▶ PROVIDED RECORDS
>>>
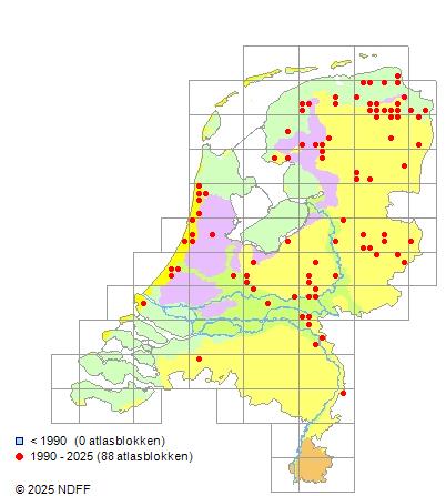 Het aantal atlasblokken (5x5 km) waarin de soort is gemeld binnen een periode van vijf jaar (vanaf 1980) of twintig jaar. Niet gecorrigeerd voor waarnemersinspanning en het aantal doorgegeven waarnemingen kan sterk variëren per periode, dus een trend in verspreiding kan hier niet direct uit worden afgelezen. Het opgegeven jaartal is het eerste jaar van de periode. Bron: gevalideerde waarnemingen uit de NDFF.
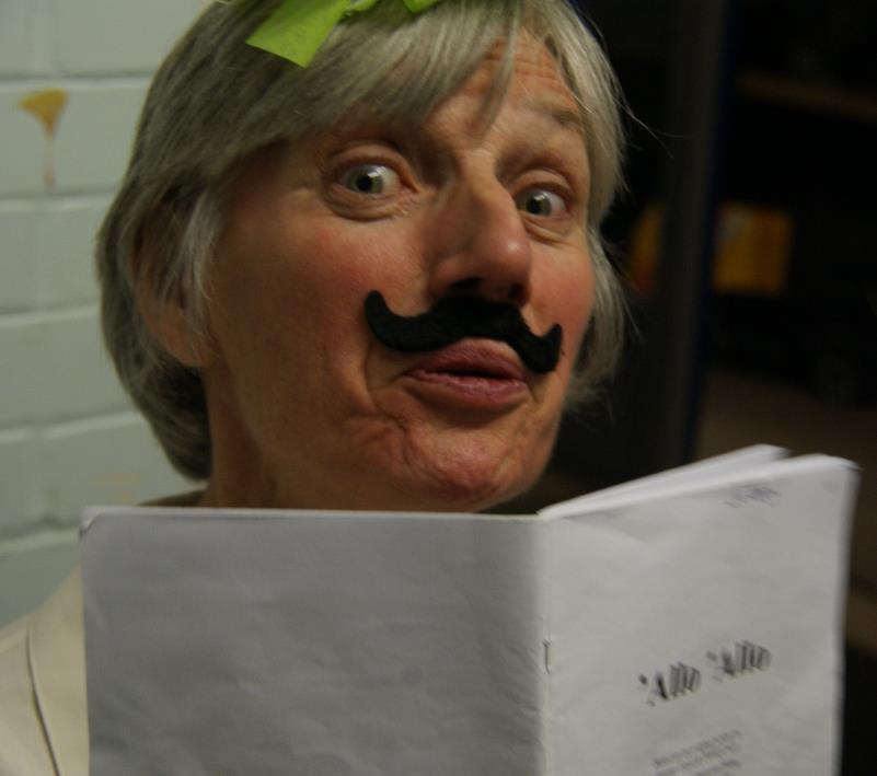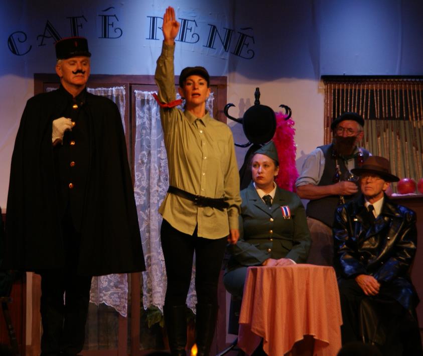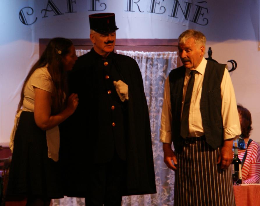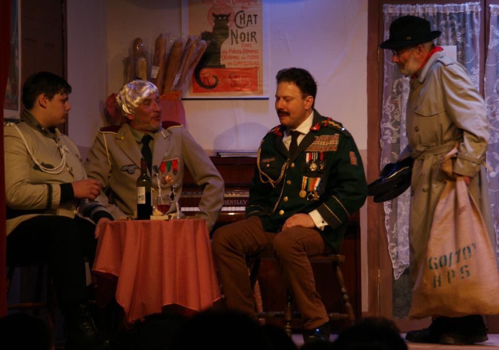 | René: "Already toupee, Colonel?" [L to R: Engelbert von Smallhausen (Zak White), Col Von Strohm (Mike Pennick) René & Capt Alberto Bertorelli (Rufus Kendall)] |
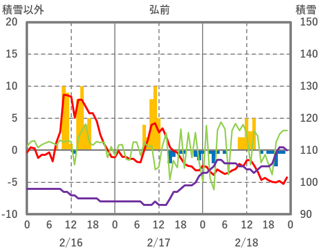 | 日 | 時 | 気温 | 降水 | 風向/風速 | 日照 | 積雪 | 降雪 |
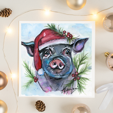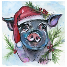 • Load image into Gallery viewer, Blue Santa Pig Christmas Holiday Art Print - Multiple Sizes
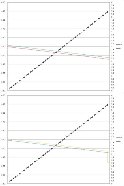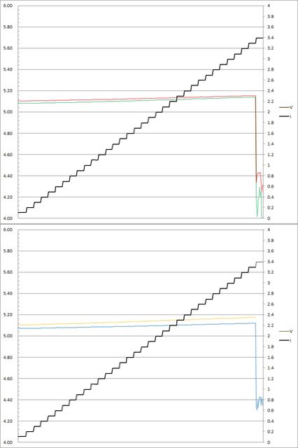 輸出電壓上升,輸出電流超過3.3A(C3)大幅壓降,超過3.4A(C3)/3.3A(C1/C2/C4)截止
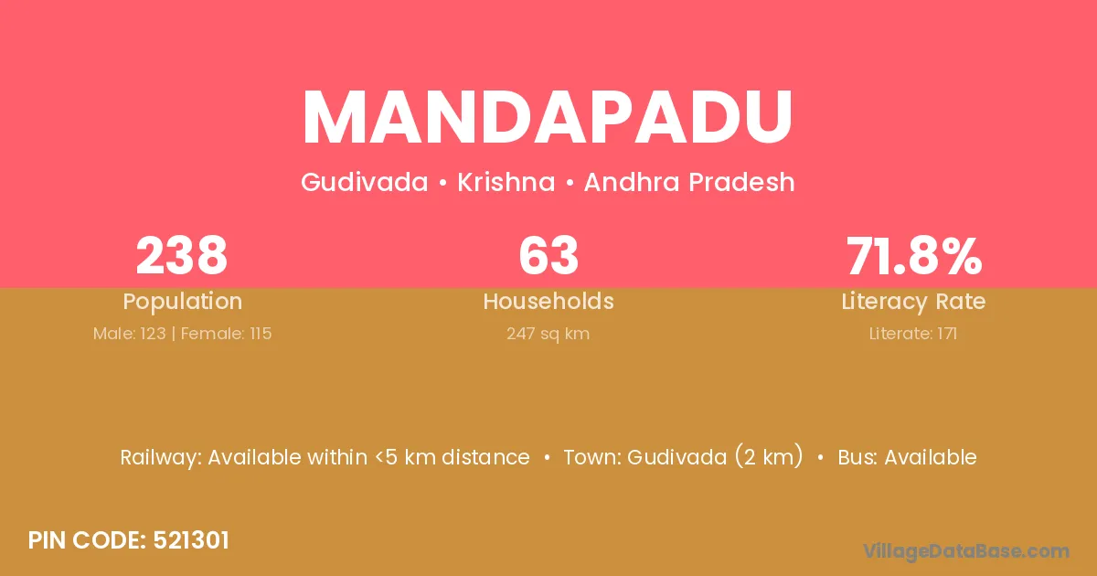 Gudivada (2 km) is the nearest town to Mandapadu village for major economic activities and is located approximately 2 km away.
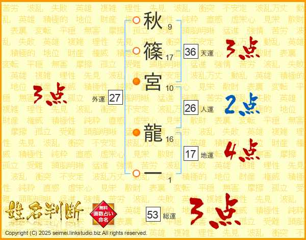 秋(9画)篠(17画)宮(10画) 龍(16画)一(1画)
<<<
>>>
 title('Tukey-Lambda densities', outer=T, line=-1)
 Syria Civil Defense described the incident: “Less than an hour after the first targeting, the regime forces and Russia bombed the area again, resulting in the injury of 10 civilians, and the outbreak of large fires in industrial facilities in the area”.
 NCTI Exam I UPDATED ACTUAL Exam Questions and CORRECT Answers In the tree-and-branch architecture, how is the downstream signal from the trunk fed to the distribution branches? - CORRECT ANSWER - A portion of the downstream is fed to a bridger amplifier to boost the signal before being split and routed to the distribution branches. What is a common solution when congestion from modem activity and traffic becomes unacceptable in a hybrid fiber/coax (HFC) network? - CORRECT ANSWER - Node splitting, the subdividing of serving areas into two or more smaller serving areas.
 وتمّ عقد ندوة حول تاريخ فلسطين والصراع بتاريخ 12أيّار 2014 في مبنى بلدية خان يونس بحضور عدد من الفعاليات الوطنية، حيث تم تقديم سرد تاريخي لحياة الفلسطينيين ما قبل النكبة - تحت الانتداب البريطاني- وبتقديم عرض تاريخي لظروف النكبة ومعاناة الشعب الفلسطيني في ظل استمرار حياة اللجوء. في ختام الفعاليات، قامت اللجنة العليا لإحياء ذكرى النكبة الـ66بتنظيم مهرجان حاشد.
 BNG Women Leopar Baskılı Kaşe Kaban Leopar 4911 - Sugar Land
<<<
>>>
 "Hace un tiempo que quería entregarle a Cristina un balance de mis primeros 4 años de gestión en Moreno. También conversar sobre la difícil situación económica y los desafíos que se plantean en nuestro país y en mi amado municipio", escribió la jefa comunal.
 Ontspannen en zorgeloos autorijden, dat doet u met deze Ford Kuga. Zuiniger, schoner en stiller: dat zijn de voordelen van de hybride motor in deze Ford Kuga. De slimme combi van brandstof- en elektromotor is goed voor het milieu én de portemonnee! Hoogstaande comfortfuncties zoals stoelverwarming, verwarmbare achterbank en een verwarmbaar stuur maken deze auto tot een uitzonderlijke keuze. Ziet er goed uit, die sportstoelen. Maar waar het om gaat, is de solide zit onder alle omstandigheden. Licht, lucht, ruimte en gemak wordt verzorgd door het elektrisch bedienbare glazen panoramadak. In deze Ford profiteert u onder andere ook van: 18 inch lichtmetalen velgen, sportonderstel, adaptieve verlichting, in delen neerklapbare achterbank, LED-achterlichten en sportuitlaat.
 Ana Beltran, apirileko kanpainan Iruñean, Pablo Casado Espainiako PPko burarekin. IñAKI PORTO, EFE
<<<
▶ TASK DESCRIPTION
Excluding any pictures, print exactly the lines of the listing above from the line with "Het aantal atlasblokken" to the line with "秋(9画)篠(17画)宮(10画) 龍(16画)一(1画)", both ends included.

▶ ANSWER
 Het aantal atlasblokken (5x5 km) waarin de soort is gemeld binnen een periode van vijf jaar (vanaf 1980) of twintig jaar. Niet gecorrigeerd voor waarnemersinspanning en het aantal doorgegeven waarnemingen kan sterk variëren per periode, dus een trend in verspreiding kan hier niet direct uit worden afgelezen. Het opgegeven jaartal is het eerste jaar van de periode. Bron: gevalideerde waarnemingen uit de NDFF.
 | René: "Already toupee, Colonel?" [L to R: Engelbert von Smallhausen (Zak White), Col Von Strohm (Mike Pennick) René & Capt Alberto Bertorelli (Rufus Kendall)] |
 | 日 | 時 | 気温 | 降水 | 風向/風速 | 日照 | 積雪 | 降雪 |
 • Load image into Gallery viewer, Blue Santa Pig Christmas Holiday Art Print - Multiple Sizes
 輸出電壓上升,輸出電流超過3.3A(C3)大幅壓降,超過3.4A(C3)/3.3A(C1/C2/C4)截止
 Gudivada (2 km) is the nearest town to Mandapadu village for major economic activities and is located approximately 2 km away.
 秋(9画)篠(17画)宮(10画) 龍(16画)一(1画)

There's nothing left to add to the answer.